» Problem
Within the records below, find the line with "Du hast Lust" and the line with "Stimuleer de natuurlijke", then reproduce exactly those two lines and all lines between them, without any picture.

» Material shown

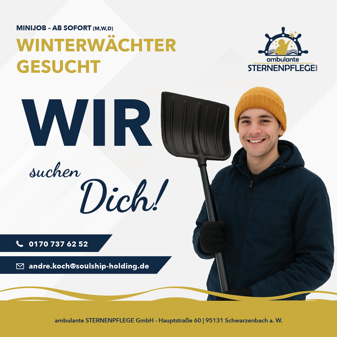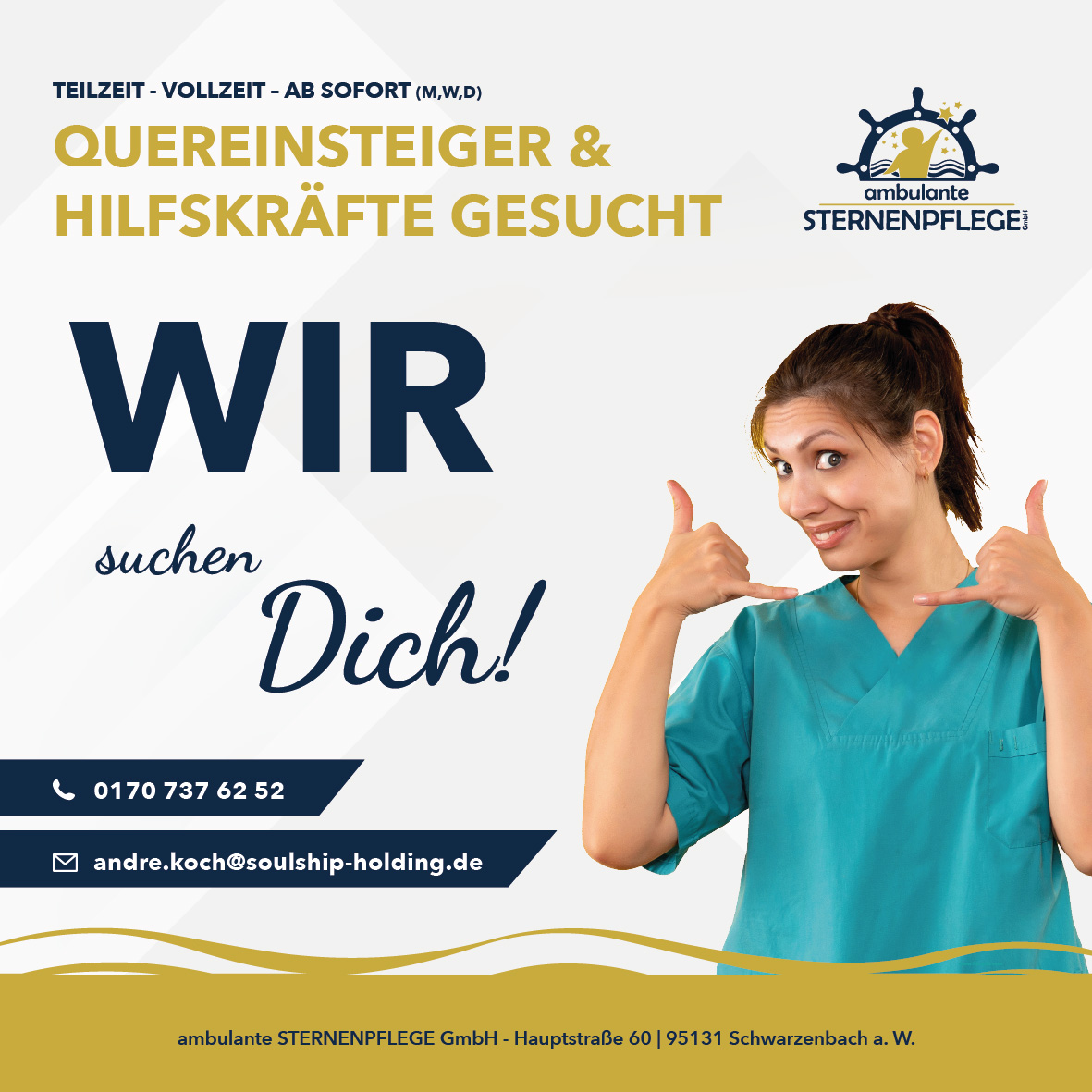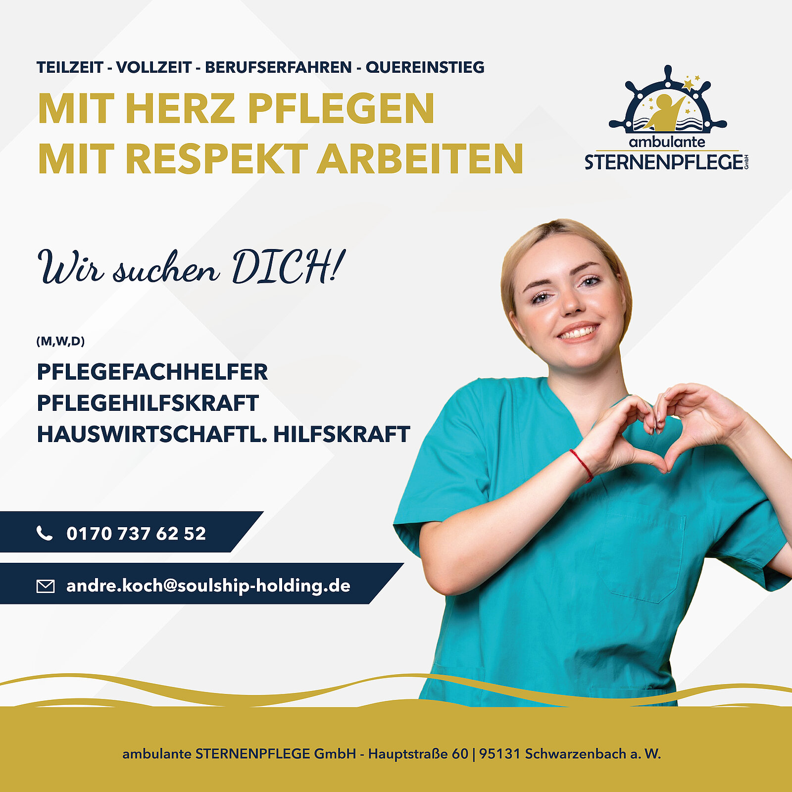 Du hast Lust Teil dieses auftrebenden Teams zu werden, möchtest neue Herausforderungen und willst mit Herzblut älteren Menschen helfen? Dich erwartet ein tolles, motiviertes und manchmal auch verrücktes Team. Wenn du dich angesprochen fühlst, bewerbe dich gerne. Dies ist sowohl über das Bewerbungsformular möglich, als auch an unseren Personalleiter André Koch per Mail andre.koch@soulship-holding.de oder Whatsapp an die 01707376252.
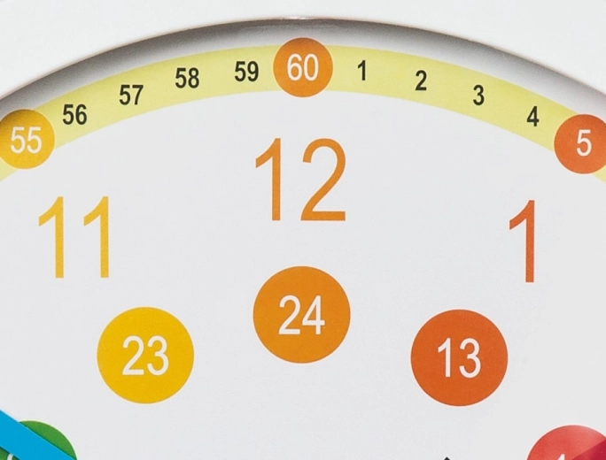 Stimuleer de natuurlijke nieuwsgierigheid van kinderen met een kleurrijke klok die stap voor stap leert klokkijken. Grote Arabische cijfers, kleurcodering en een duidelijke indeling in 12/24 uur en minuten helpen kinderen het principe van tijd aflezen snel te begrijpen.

* * *

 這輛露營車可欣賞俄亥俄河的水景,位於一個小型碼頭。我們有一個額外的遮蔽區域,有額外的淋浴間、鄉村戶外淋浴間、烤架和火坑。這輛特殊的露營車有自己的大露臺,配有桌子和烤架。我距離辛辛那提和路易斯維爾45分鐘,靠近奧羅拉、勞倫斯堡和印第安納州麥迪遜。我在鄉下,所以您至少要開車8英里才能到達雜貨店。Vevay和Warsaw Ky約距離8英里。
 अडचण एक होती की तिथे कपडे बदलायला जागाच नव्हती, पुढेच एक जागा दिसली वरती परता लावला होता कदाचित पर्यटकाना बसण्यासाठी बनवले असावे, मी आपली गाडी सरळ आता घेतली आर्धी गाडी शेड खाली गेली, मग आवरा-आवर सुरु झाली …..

» Answer area
 Du hast Lust Teil dieses auftrebenden Teams zu werden, möchtest neue Herausforderungen und willst mit Herzblut älteren Menschen helfen? Dich erwartet ein tolles, motiviertes und manchmal auch verrücktes Team. Wenn du dich angesprochen fühlst, bewerbe dich gerne. Dies ist sowohl über das Bewerbungsformular möglich, als auch an unseren Personalleiter André Koch per Mail andre.koch@soulship-holding.de oder Whatsapp an die 01707376252.
 Stimuleer de natuurlijke nieuwsgierigheid van kinderen met een kleurrijke klok die stap voor stap leert klokkijken. Grote Arabische cijfers, kleurcodering en een duidelijke indeling in 12/24 uur en minuten helpen kinderen het principe van tijd aflezen snel te begrijpen.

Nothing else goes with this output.